Did this answer your question, or I understood it wrong?
Calin
06-02-2010 03:59 AM
Thanks for the Reply Calin.
Actually, the application we will be running is a video+data application out of which, 384kbps is video and 64kbps is data. So i did some calculations and got around 64kbps SSL VPN overhead for that traffic. And hence assumed 512kbps/ client is sufficient. At the hub end, thought of giving some buffer along with 60 * 512kbps.

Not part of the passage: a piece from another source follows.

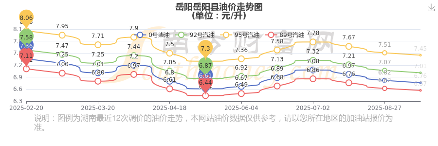岳阳岳阳县油价今日价格:10月14日汽油价格一览表
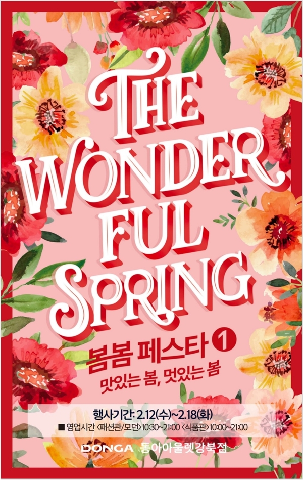 또한 12일부터 18일 행사기간 中 진행되는 주요 지점 대표 테마/층별 행사들을 살펴보면, 먼저 쇼핑점/수성점/강북점에서 함께 진행되는 행사로 인디고키즈·로엠걸즈·밀리밤·애니바디 등이 참여하는 봄봄 페스타 행사 등을 진행한다.

I read somewhere that, SSL VPN header size is around 25bytes/packet. So with some assumptions came to 64kbps overhead for SSLVPN. Any ideas on that?
06-02-2010 04:24 AM
From what I've read the overhead of IPSec on a packet is between 50 and 57 octets (including the new IP header, the ESP header and the trailers), representing a 10% increase on an average packet (500 byte). In contrast to this, SSL VPNs add only 5 octets of data to each packet, just a 1% increase on the average packet. Of course, setup operations cannot be ignored totally, but these are roughly similar in size for IPSec and SSL connections. Also, because SSL VPNs work at a much higher layer, they suffer much less from the packet fragmentation issues normally associated with IPSec VPNs. Finally, SSL has built in compression mechanisms (with AIM-VPN modules).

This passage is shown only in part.